Ванго. Между небом и землей
Шрифт:
А Вебер, всецело поглощенный своей музыкой, ничего не слышал.
При виде человека, топтавшегося на улице, Кротиха сразу поняла, что это необычный посетитель. В предыдущие дни сюда входили священники, монахини, епископ, семинаристы и жандармы. Но этот человек носил на голове фуражку, похожую на картуз Гавроша [31] . Под мышкой он держал длинный черный футляр, а в другой руке — кожаную папку, с какими ходят студенты в Латинском квартале.
Кротиха внимательно разглядывала юношу.
31
Гаврош — юный беспризорник, герой романа Виктора Гюго «Отверженные» (1862).
Она сползла вниз, к самому карнизу, и заглянула в окошечко часовни. Вебер, судя по всему, вошел в экстаз: его тщедушное тело, склоненное над инструментом, не двигалось, зато огромные кисти рук были распростерты, как крылья летучей мыши, а пальцы исступленно метались по клавиатуре. Прежние четыре ноты были забыты; теперь он не пропускал ни одной клавиши.
Кротиха размахнулась и забросила в окошко свой плед, наподобие невода. Он спланировал из-под потолка прямо на трубы органа, и тот издал хриплый вопль, напоминавший предсмертный рев слона. Тут-то монах и вышел из своего музыкального транса и услышал звонки. Он вскочил со скамьи и направился к двери, бормоча: «Иду, иду…»
Полы его халата волочились по каменным плитам двора.
Сквозь зарешеченное окошко входной двери он увидел незнакомого молодого человека.

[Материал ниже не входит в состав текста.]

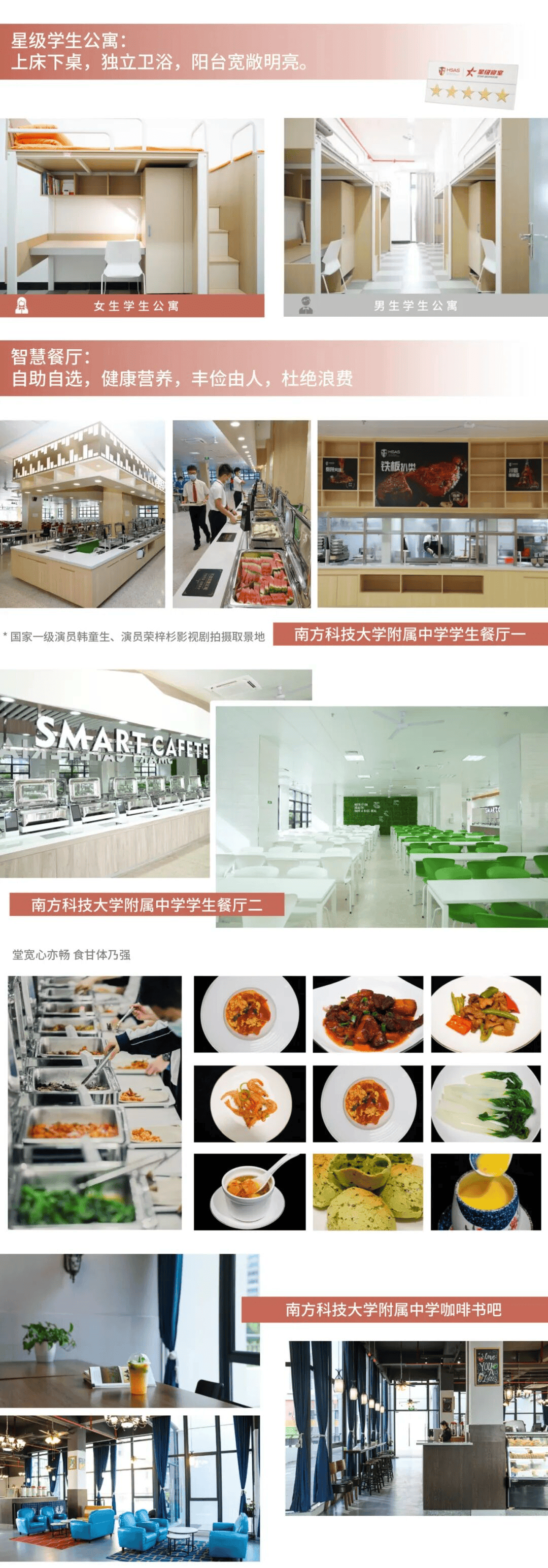最后值得关注的是,这里还有星级学生公寓,上床下桌,独立卫浴,阳台宽敞明亮;开设了2个智慧餐厅,可以自助自选,健康营养,丰俭由人;更有咖啡书吧供休闲娱乐。学校交通也十分便捷,南科大附中位于宝安区福海街道荔园路8号,地铁11号线可达,交通便利,毗邻全球最大的国际会展中心。

— Вы заблудились, сын мой?
— Здравствуйте. Я живу при коллеже тут, рядом. Никак не могу попасть в дом: все двери уже заперты. Вы не могли бы впустить меня к себе, я переночевал бы где-нибудь в уголке.
— Где-нибудь в уголке… — повторил капуцин, покусывая губы.
Он побренчал ключами в кармане, явно не зная, как поступить.
— В обычное время я бы вам открыл…
Он боязливо оглянулся и прошептал:
— Но меня предупредили, что я должен быть осторожным, тут такое творится…
— Да я уйду пораньше утром, — сказал юноша; он говорил с русским акцентом.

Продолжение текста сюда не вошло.